I lean into him, my temple against his jaw. “We find another way.”
“And every day after that, until we fix this.”
It’s not a solution. But it’s hope.
THIRTY-TWO
ZORIC
Ispend the night searching for alternatives that don’t exist.
The keep’s archives are a disaster—water-damaged scrolls from the siege, crumbling texts that haven’t been opened in decades, half-legible journals from captains who sailed these waters when Dreadhaven was still a pirate stronghold. I’ve been through them all before, during the years I spent trying to understand the Wrecktide’s curse. I go through them again, anyway, looking for anything I might have missed.
Anything that isn’t Aviora becoming a prison for something that shouldn’t exist.
Dawn finds me surrounded by parchment, my eyes burning, my mind running in circles that lead nowhere. The brazier has gone cold. The candles have guttered to nothing. Outside, the Wrecktide’s unnatural glow has faded with the sunrise, but I can still feel it—a wrongness in the water, a presence that wasn’t there before we woke it.
“You haven’t slept.”
Aviora’s voice cuts through my fog. She stands in the doorway of what passes for my study—a converted armory, shelves stacked with salvaged books and maritime charts. Her hair is loose around her shoulders, still damp from washing, andshe’s wearing one of my shirts. It hangs past her thighs, too large for her frame, and something primal stirs in my chest at the sight.
Mine. The thought rises unbidden. She’s mine, and I won’t let the sea take her.
“Neither have you.” I gesture at her bare feet, the shadows under her eyes. “Bad dreams?”
“Worse.

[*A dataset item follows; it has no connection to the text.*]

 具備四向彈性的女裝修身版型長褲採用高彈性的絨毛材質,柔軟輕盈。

No dreams at all.” She crosses to where I sit, picks her way through the scattered documents, and settles onto my lap without asking permission. Her arms loop around my neck. Her weight settles against my chest—light, warm, impossibly precious. “Just darkness. And cold. And the feeling of something watching.”

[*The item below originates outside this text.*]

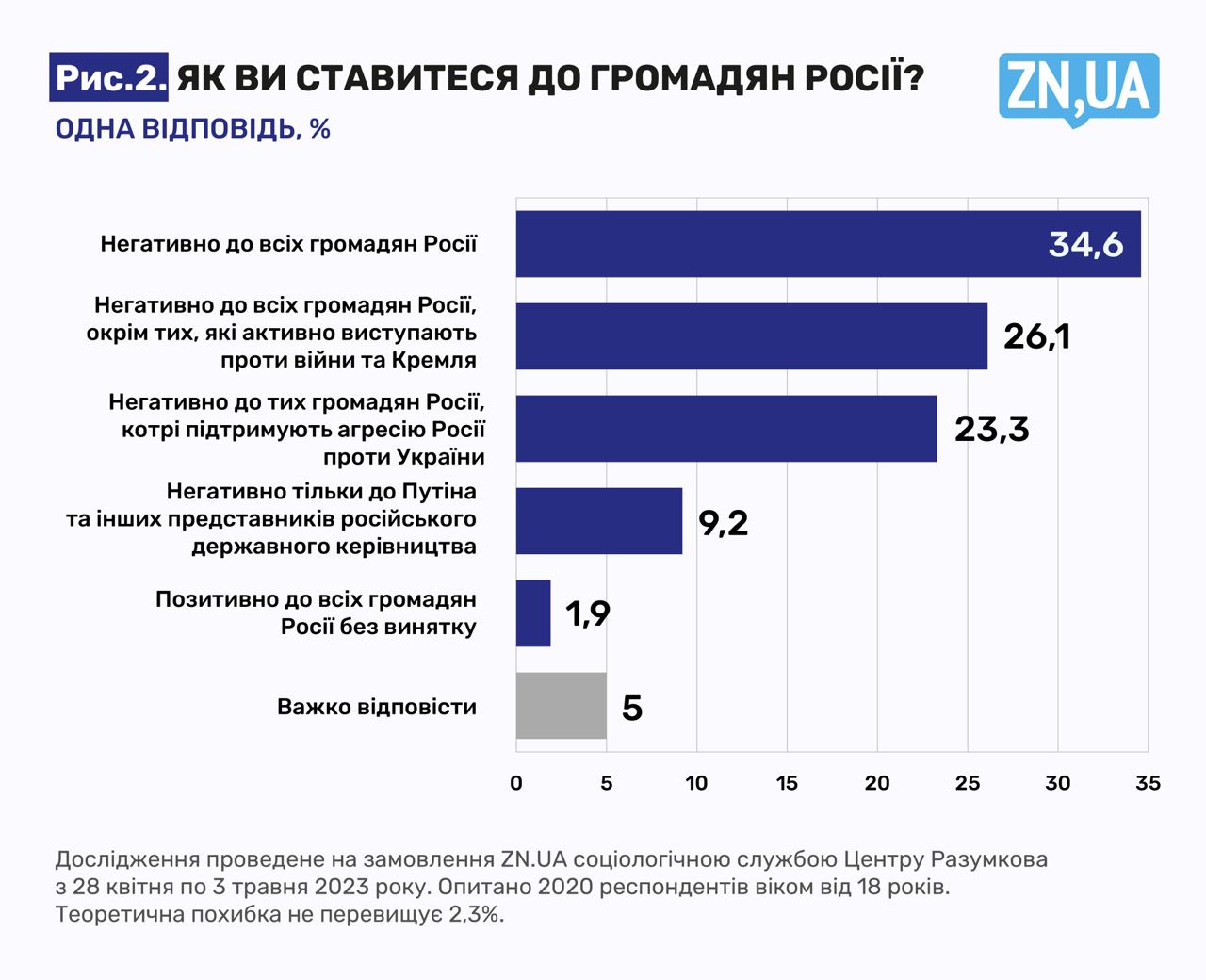 Повномасштабне вторгнення кардинально змінило ставлення українців до Росії. Про це свідчать і відповіді на запитання «Як ви ставитеся до громадян Росії?». Тією чи іншою мірою 84% українців ставляться до громадян Росії негативно (див. рис. 2). Понад третина респондентів (34,6 %) вважає, що росіяни несуть колективну відповідальність за війну з Україною, незалежно від їхніх політичних переконань. Судячи з відповідей, понад чверть українців (26,1%) досі переконані, що десь існують «хороші росіяни», тому негативно ставляться до всіх громадян Росії, окрім тих, які активно виступають проти війни та Кремля. 23,3% не готові змінити своє ставлення до всіх росіян, тому негативно ставляться лише до тих громадян Росії, що підтримують агресію Росії проти України.

I wrap my arms around her, pull her closer. Press my lips to her temple, the curve of her jaw, the corner of her mouth. Each kiss a claim. Each touch a refusal to let go.
“I’m going to find another way.”
“Zoric—”
“There has to be something.” I frame her face with my hands, hold her gaze. “Thalira’s solution isn’t the only option. It can’t be. Someone, somewhere, must have found an alternative.”
“The guardians chose this.” Her voice is gentle—not arguing, just stating the truth. “Thalira said they volunteered. Centuries ago, people who understood what was at stake gave themselves to contain the hunger. Maybe?—”
“No.” The word comes out harsher than I intended. I soften it by drawing her closer, my nose brushing hers. “You are not choosing this. Not while I’m still breathing. Not while there’s a single possibility I haven’t explored.”
She doesn’t argue. Just threads her fingers through my hair, scratches lightly at my scalp, watches me with eyes that see too much and judge too little.
“You need to sleep.”
“I need to find a solution.”
“You need to sleep.” She shifts on my lap, adjusting her position until her head rests on my shoulder. “A few hours. Then we search. Fresh eyes might see what tired ones miss.”
I want to refuse. Want to push through the exhaustion, keep reading, keep searching. But her warmth is seeping into me, and the steady rhythm of her breathing is lulling me toward rest I’ve been avoiding all night.
“A few hours.” I let my eyes close. “Then we keep looking.”
She hums agreement against my throat. Within minutes, I’m asleep.
The shout wakes me.
I’m on my feet before I’m fully conscious, Aviora tumbling from my lap with a startled curse. I grab the cutlass at my belt—I never took it off—and I’m moving toward the door before my mind catches up to my body.
“Captain!” Brek’s voice, high with alarm. “There’s a boat approaching the sea gate!”